This post by Karen Dolan at The Hill for all the world looks to me like my story of the three merchants. Or the cat and rat farm. The author’s claim is that we can greatly reduce poverty permanently by maintaining measures put in place on an emergency basis when the lockdowns for COVID-19 were imposed indefinitely:

The U.S. Census data for 2021 demonstrates that poverty is a political choice. We chose during the pandemic to take it head-on relatively effectively. Now we must reaffirm that choice.

Repeat after me: perpetual motion does not work. It might appear to work in the short term but it does not work.

The author has failed to notice the inflation and the hardships created by it that the Fed is presently contending with or the hardships that are being created by raising interest rates. Those are at least in part a consequence of too much spending subsidized by expanding the money supply, i.e. issuing credit to ourselves for the spending.
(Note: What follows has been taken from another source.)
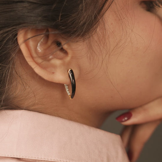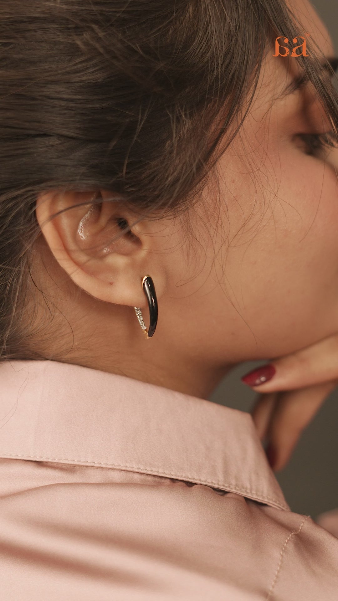 Classic Black Diamond Hoops is crafted in 9KT Gold.This a classic look with combinations of Diamonds,Black enamel & Gold. Wear them with during the Day or Night..They sure will make a few heads turn.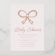 Eine schöne und formelle Babydusche-Einladung mit goldenen Rose-Folienelementen aus Band und Bogen. Ideal für eine klassische Babydusche mit einer modernen und trendigen Drehung. Schwarze Goldfoliendetails schaffen eine hübsche Farbbandbreite mit Vintagem Stil.

All of that said I agree with the author’s claim that poverty is a political choice. More than 2,000 years ago Aristotle maintained that politics was the “master science” in that it was the underlying explanation in all human actions.

The author might consider that poverty has been chosen as the lesser evil. There are many, many ways of reducing poverty. For example, not bearing children until one has completed high school and is married are known ways of combatting poverty. Today it is fashionable to condemn that observation as anti-woman and racist but the condemnations do not make it less true.

We should also keep in mind the observation that when you subsidize something, you get more of it. That pertains to poverty as well. The decision to attempt to strike a balance between encouraging poverty and making the lives of the poor less burdensome is a political one as is the decision on where the proper balance resides.

We could raise taxes so that revenue pays for anything which we might wish to spend. Our failure to do that is a political decision, based, in part, on the trade-offs involved.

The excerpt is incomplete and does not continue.